In her experiment, she randomly assigned ninety-four students into small clusters of between two and four, and asked each participant to play the part of managers on a salary committee, negotiating how best to parcel up limited sums as pay bonuses as among their employees.
Each participant had been assigned the role of department head to act as an advocate, attempting to obtain the largest sum possible for a candidate from his department who had been put forward as particularly deserving. Nevertheless, any payouts were entirely dependent upon each group coming to an agreement within a set amount of time.
Unbeknownst to the students, Barsade had placed a cuckoo in the nest – a drama student who’d been specially trained to act a different mood with a different energy level in each group. ‘Rick’, who was always assigned to represent the same employee in each group, was also always asked to speak first, in order to see if his mood would set the emotional tone of the meeting.
The results, which Barsade videotaped, were striking. Even though ‘Rick’ had made identical requests of every group on behalf of his own candidate, each group of participants acted completely in accordance with Rick’s moods.
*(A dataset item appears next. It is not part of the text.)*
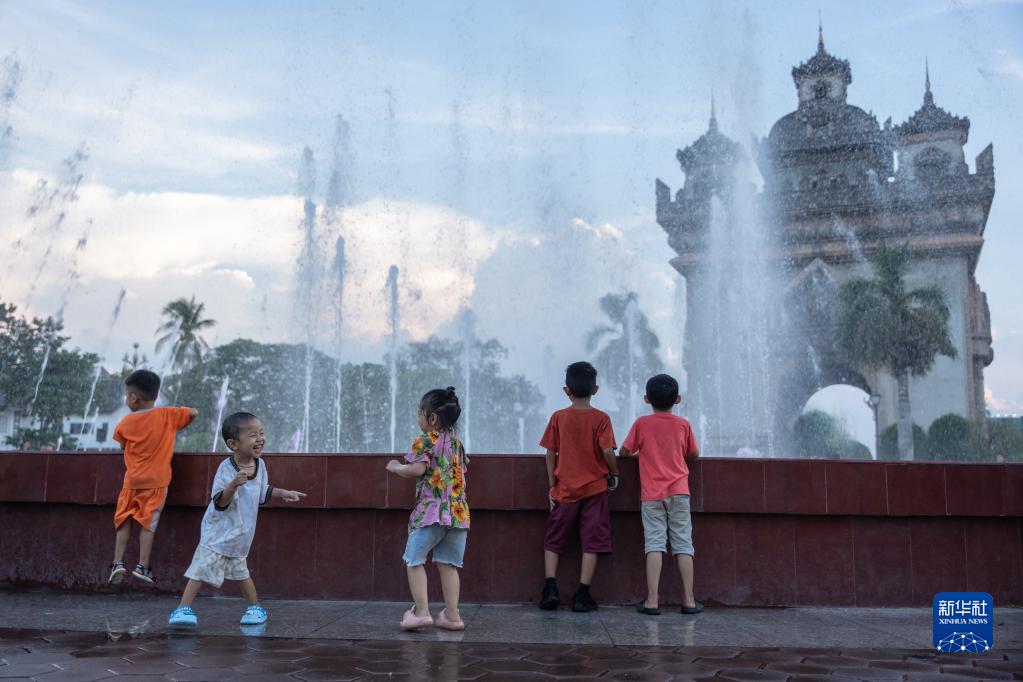 6月1日,孩子們在老撾首都萬(wàn)象的凱旋門(mén)邊觀(guān)賞噴泉,慶?!傲弧眹H兒童節。

The collective mood and Rick’s role in creating it also had a significant influence on the tone and outcome of the negotiations. When Rick exuded pessimism and negativity, a group was less likely to cooperate with each other. When he was calm and happy, a group was more likely to bond and work with each other productively. And the more emotionally similar a team, the better its bonus split.
The effect was not only insidious, but also completely unconscious. None of the participants had the slightest idea their moods were being artificially manipulated. When Barsade studied the questionnaires the participants had been asked to fill out about their feelings before and afterward, all attributed their own effectiveness or ineffectiveness in the meeting to other factors — never to collective mood.
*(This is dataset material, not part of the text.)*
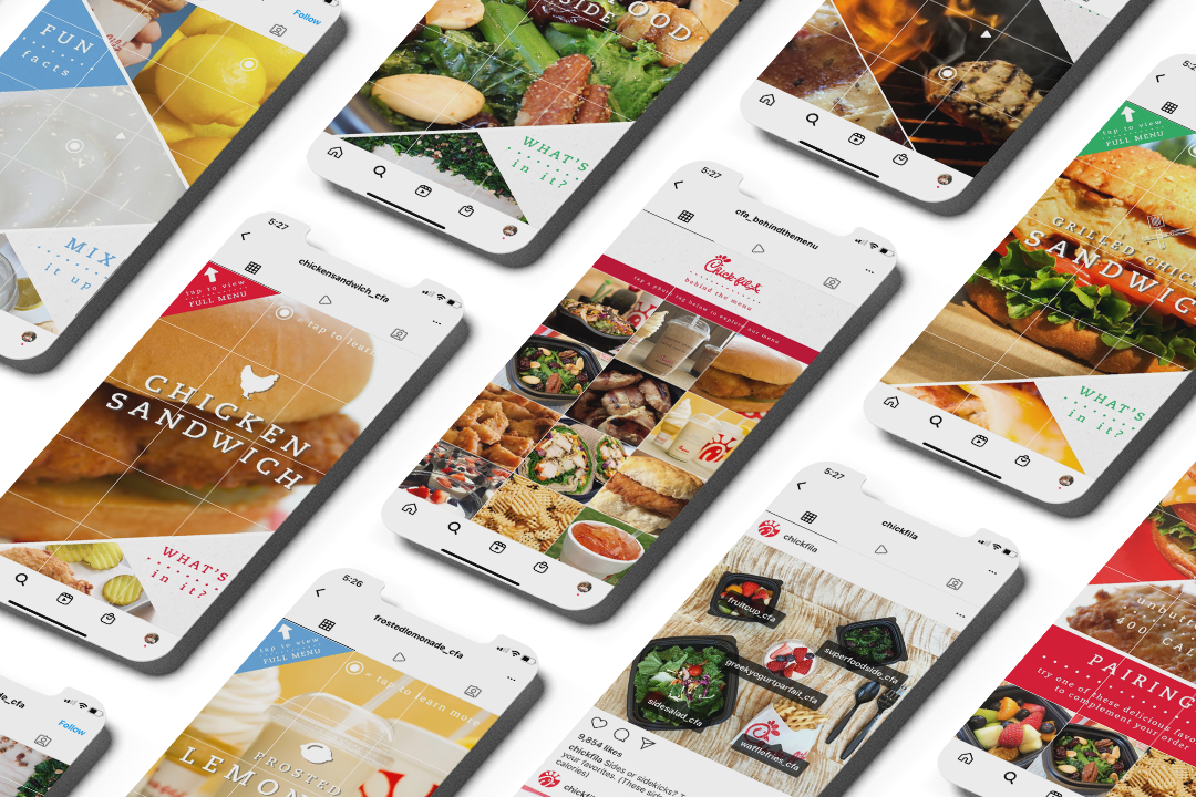 Chick-fil-A wanted to be more transparent about their menu and that led us to build an experience that allowed fans to learn about those delicious looking meals they saw in their Instagram feeds. Tags on every photo we posted led to custom Instagram handles for each product that included nutritional info, pairing recommendations, fun facts and more.

Barsade made another fascinating discovery she hadn’t counted on: positive emotion was just as contagious as negative emotion. This particularly surprised Barsade, who’d seen earlier research suggesting that negative emotion was the more infectious mood.
There also seemed to be little difference in group mood, no matter whether Rick was in a high or low energy state, except in one regard. Rick’s moods, when subtly upbeat, were more socially contagious than his subtle, ‘low energy’ bad moods.
In fact, in his ‘low energy’ positive state, he was the most persuasive of all; the group actually gave him more money than he’d asked for. Rick’s extraordinary effect on the collective mood of each group extended to all encounters he had with group members on campus in subsequent months. Those with whom he’d acted positively greeted him warmly; those who’d been part of groups in which he’d been pessimistic continued to greet him with hostility or chilly silence.
Barsade concluded that both kinds of emotion – positive and negative – are highly contagious, but that positive emotions stimulate a group to be cooperative and make more positive choices in decision making, while the reverse held true with negative emotion. Without upbeat collective emotion, people are bad negotiators and make bad decisions.
In this one inspired experiment, she’d managed to demonstrate clearly that emotions are virulent viruses, not only transferring from person to person in an endless and unconscious circle, but also profoundly affecting the outcome of business encounters and negotiations. A business could be more successful with a preponderance of good moods, which would infect its entire human resource.
As Barsade subsequently discovered, emotional contagion occurs readily, even with casual encounters. The simple act of sharing with another person in any way acts to create mood equilibrium — or what she calls ‘collective emotional knowledge’ between people.
Barsade’s experiment is profound illustration of the power of intention. Inevitably, you get the job and office environment that you wish for.